Aviso: se me viene acentuando una intolerancia marcada a las afirmaciones ligeras, a los razonamientos simplistas, a las lecturas sesgadas, a la fenomenología doméstica venida a interpretación aguda de la actualidad.
Alteraciones súbitas del flujo sanguíneo, malestar en el centro del estómago, irreflenable elevación del tono de voz e intensos apretones de ambos maxilares entre sí se me vienen manifestando reiteradamente ante comentarios afirmativos cargados de conciente desconsideración por los matices, ante justificaciones miserabilistas que intentan comprender y defender actos ajenos y sobre todo propios de naturaleza bochornosa, decadente o pusilánime.

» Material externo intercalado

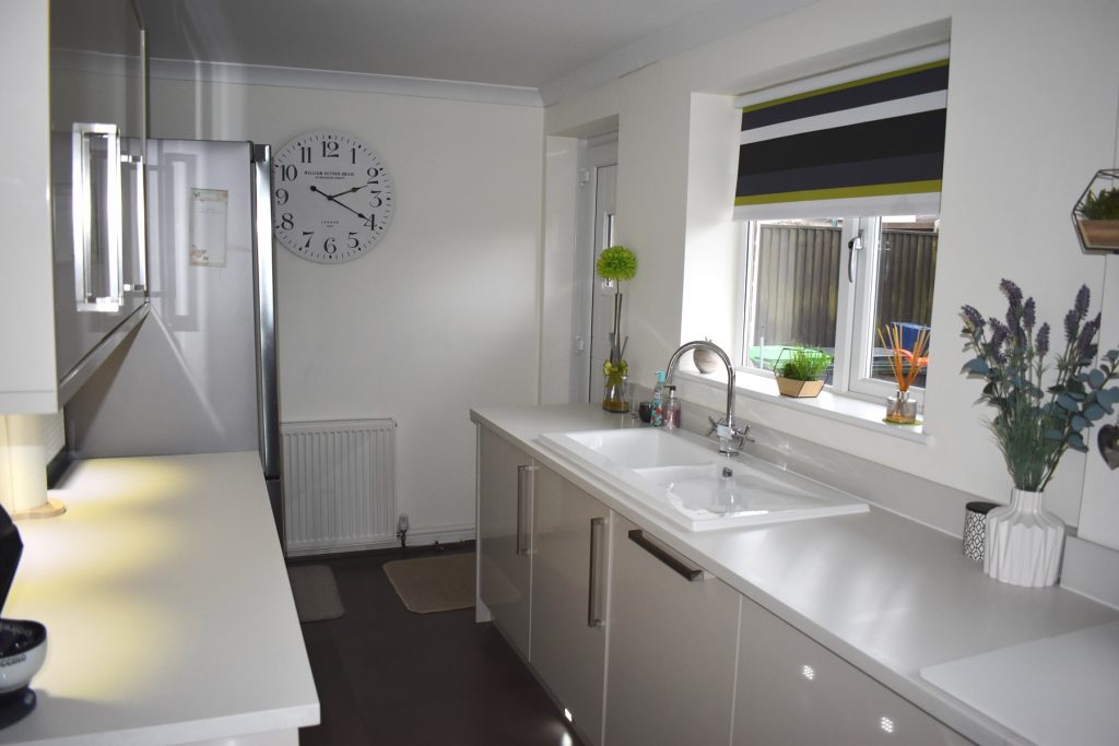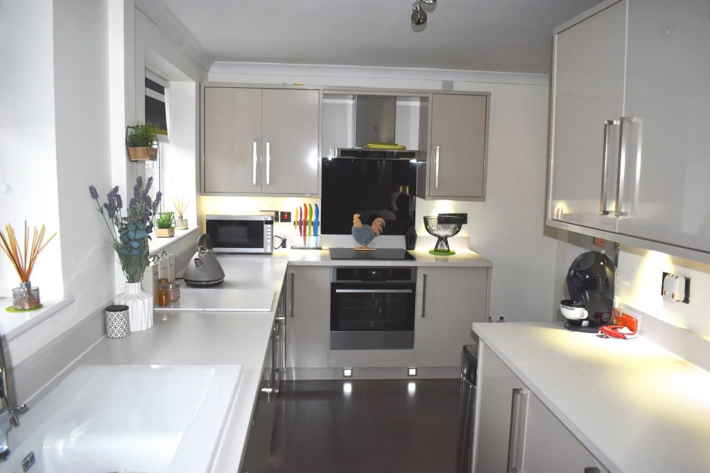 The kitchen is the real selling point of this home having a wealth of stylish gloss units providing plenty of storage and worktop space. With two UPVC windows overlooking the rear garden, numerous power points, radiator, TV aerial point, ceiling lights and underlighting to the units. The kitchen benefits from an integrated stainless-steel electric oven, four-point electric hob with stylish splash back and extractor over, integrated dishwasher, one and a half bowl sink with drainer and space for fridge/freezer. The kitchen provides access to the garage and the under stairs storage cupboard.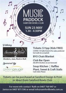 Samford Bowls Club is hosting a MUSIC IN THE PADDOCK event featuring the fabulous Second Wind Community Band on Sunday 23rd May 2021.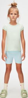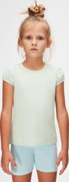 Soft Yeşil Basic Kız Çocuk Sıfır Yaka Karpuz Kol Tişört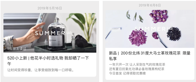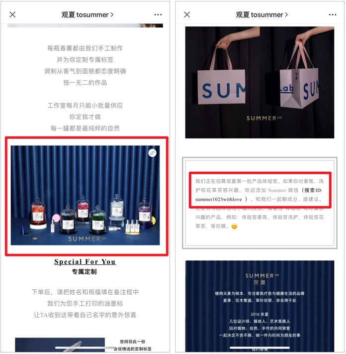 觀夏是個(gè)“含著金湯匙”出生的品牌, CEO 劉惠璞曾任世紀(jì)佳緣網(wǎng)副總裁,后來加入了聚美優(yōu)品,兩位聯(lián)合創(chuàng)始人沈黎是《時(shí)尚芭莎》前資深編輯,Khoon 是耶魯設(shè)計(jì)系畢業(yè)的韓裔設(shè)計(jì)師。通過三位“大佬”的朋友圈,觀夏連接了互聯(lián)網(wǎng)、媒體和藝術(shù)圈的人脈資源。在胖鯨頭條的采訪中, 觀夏聯(lián)合創(chuàng)始人@沈黎 透露,在沒有推廣的情況下,觀夏公眾號(hào)的第一篇文章,僅通過朋友圈擴(kuò)散,閱讀量達(dá)到了 5 萬+。據(jù)@私域流量觀察 報(bào)道,產(chǎn)品上架第一天就賣出 1000 件。當(dāng)然,靠創(chuàng)始人團(tuán)隊(duì)的朋友圈,產(chǎn)生初次購買是很容易的,但想讓用戶“愛”上一個(gè)品牌,卻需要長期的用戶運(yùn)營才能實(shí)現(xiàn)。運(yùn)營社發(fā)現(xiàn),觀夏早在 2019 年剛成立之時(shí),就已經(jīng)有了布局私域的意識(shí),屬于在新消費(fèi)品牌中做私域較早的。在 2019 年初的公眾號(hào)推文中,就嵌入小程序鏈接來引導(dǎo)用戶點(diǎn)擊小程序購買產(chǎn)品;通過“招募產(chǎn)品體驗(yàn)官”的方式來引導(dǎo)用戶添加觀夏的客服微信。② 公眾號(hào)內(nèi)容營銷,培育用戶心智,提高「復(fù)購率」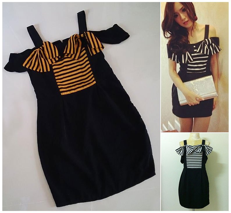 new cop srs เดรสเปิดไหล่ทรงเข้ารูป อก 32 เอว 26 สะโพก 36 ยาว 31 นิ้ว
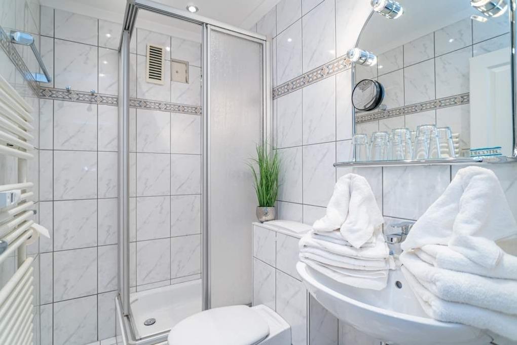 Im Bad mit abgehängter LED-Licht-Decke befindet sich die Dusche, der Waschtisch und WC.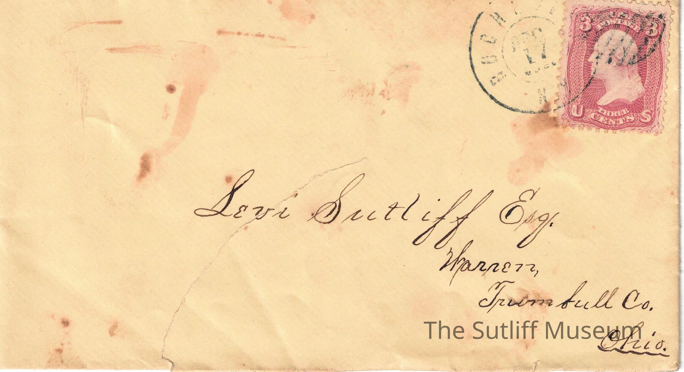 An envelope addressed to Levi Sutliff in Warren, Trumbull County Ohio. Stamped Dec 17, [?].Relationships

Síntomas similares me vienen ante gestos despreocupados, menosprecios varios, glorificaciones de lo abominable, ventajeos subrepticios y desleales, intrigas mendaces, victimizaciones chantajistas, autoadulaciones patéticas, pérdida irrefrenable de la estética y el respeto. Y qué decir cuando me enfrento con el cinismo patoteril de cualquier pelagatos con designación oficial, o con la avaricia ramplona de cualquiera con dos mangosa su alcance, o con el "poronga" de piel teñida a 220 y, ahí no se que me pone peor, su círculo de soba medias ataviados con combinaciones imposibles.
Tengo que dar cuenta rápidamente de estos síntomas, algo me pasa, estas dolencias tarde o temprano terminarán alejándome del mundo o éste me excluirá a algún rincón inhóspito.